» **COLLECTED MATERIAL**:
------------------------------------------------------------------------

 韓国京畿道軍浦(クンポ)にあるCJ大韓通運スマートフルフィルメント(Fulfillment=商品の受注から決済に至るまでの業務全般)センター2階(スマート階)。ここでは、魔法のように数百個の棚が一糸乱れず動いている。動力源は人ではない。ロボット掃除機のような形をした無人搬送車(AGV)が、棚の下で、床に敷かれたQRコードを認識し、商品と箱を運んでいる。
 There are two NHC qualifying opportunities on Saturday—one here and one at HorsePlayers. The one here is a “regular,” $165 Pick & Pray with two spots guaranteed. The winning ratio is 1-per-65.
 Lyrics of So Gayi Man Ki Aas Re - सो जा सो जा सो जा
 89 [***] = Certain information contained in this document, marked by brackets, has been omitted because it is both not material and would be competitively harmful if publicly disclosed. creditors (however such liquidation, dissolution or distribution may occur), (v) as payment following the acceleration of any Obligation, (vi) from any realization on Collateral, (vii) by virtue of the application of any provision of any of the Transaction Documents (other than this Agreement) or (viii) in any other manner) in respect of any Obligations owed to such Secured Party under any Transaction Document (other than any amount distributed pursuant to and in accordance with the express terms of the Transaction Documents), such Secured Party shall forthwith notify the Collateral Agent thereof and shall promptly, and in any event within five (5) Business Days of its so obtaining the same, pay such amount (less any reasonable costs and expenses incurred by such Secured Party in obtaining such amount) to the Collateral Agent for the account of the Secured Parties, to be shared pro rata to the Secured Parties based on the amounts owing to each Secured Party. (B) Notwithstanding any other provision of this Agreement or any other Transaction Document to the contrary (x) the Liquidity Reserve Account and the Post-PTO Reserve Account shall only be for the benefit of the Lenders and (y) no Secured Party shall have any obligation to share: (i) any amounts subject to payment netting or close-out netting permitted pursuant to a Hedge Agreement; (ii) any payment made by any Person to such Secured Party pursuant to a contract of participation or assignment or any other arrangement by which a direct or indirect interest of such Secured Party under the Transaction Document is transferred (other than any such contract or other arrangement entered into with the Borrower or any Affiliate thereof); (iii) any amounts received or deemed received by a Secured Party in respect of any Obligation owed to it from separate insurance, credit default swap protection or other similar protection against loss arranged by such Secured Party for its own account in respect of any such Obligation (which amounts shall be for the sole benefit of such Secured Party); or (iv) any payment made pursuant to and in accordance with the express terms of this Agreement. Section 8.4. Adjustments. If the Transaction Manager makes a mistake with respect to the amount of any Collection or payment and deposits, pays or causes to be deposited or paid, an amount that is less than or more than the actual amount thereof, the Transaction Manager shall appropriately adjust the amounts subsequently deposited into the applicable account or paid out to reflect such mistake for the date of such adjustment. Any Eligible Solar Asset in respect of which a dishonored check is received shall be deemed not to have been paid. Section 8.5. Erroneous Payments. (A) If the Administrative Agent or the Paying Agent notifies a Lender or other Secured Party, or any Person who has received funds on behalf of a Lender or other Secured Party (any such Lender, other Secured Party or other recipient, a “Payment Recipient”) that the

------------------------------------------------------------------------

» **TASK GOAL**: Each line of the listing is to be repeated without alteration.

» **WRITTEN ANSWER**:
 韓国京畿道軍浦(クンポ)にあるCJ大韓通運スマートフルフィルメント(Fulfillment=商品の受注から決済に至るまでの業務全般)センター2階(スマート階)。ここでは、魔法のように数百個の棚が一糸乱れず動いている。動力源は人ではない。ロボット掃除機のような形をした無人搬送車(AGV)が、棚の下で、床に敷かれたQRコードを認識し、商品と箱を運んでいる。
 There are two NHC qualifying opportunities on Saturday—one here and one at HorsePlayers. The one here is a “regular,” $165 Pick & Pray with two spots guaranteed. The winning ratio is 1-per-65.
 Lyrics of So Gayi Man Ki Aas Re - सो जा सो जा सो जा
 89 [***] = Certain information contained in this document, marked by brackets, has been omitted because it is both not material and would be competitively harmful if publicly disclosed. creditors (however such liquidation, dissolution or distribution may occur), (v) as payment following the acceleration of any Obligation, (vi) from any realization on Collateral, (vii) by virtue of the application of any provision of any of the Transaction Documents (other than this Agreement) or (viii) in any other manner) in respect of any Obligations owed to such Secured Party under any Transaction Document (other than any amount distributed pursuant to and in accordance with the express terms of the Transaction Documents), such Secured Party shall forthwith notify the Collateral Agent thereof and shall promptly, and in any event within five (5) Business Days of its so obtaining the same, pay such amount (less any reasonable costs and expenses incurred by such Secured Party in obtaining such amount) to the Collateral Agent for the account of the Secured Parties, to be shared pro rata to the Secured Parties based on the amounts owing to each Secured Party. (B) Notwithstanding any other provision of this Agreement or any other Transaction Document to the contrary (x) the Liquidity Reserve Account and the Post-PTO Reserve Account shall only be for the benefit of the Lenders and (y) no Secured Party shall have any obligation to share: (i) any amounts subject to payment netting or close-out netting permitted pursuant to a Hedge Agreement; (ii) any payment made by any Person to such Secured Party pursuant to a contract of participation or assignment or any other arrangement by which a direct or indirect interest of such Secured Party under the Transaction Document is transferred (other than any such contract or other arrangement entered into with the Borrower or any Affiliate thereof); (iii) any amounts received or deemed received by a Secured Party in respect of any Obligation owed to it from separate insurance, credit default swap protection or other similar protection against loss arranged by such Secured Party for its own account in respect of any such Obligation (which amounts shall be for the sole benefit of such Secured Party); or (iv) any payment made pursuant to and in accordance with the express terms of this Agreement. Section 8.4. Adjustments. If the Transaction Manager makes a mistake with respect to the amount of any Collection or payment and deposits, pays or causes to be deposited or paid, an amount that is less than or more than the actual amount thereof, the Transaction Manager shall appropriately adjust the amounts subsequently deposited into the applicable account or paid out to reflect such mistake for the date of such adjustment. Any Eligible Solar Asset in respect of which a dishonored check is received shall be deemed not to have been paid. Section 8.5. Erroneous Payments. (A) If the Administrative Agent or the Paying Agent notifies a Lender or other Secured Party, or any Person who has received funds on behalf of a Lender or other Secured Party (any such Lender, other Secured Party or other recipient, a “Payment Recipient”) that the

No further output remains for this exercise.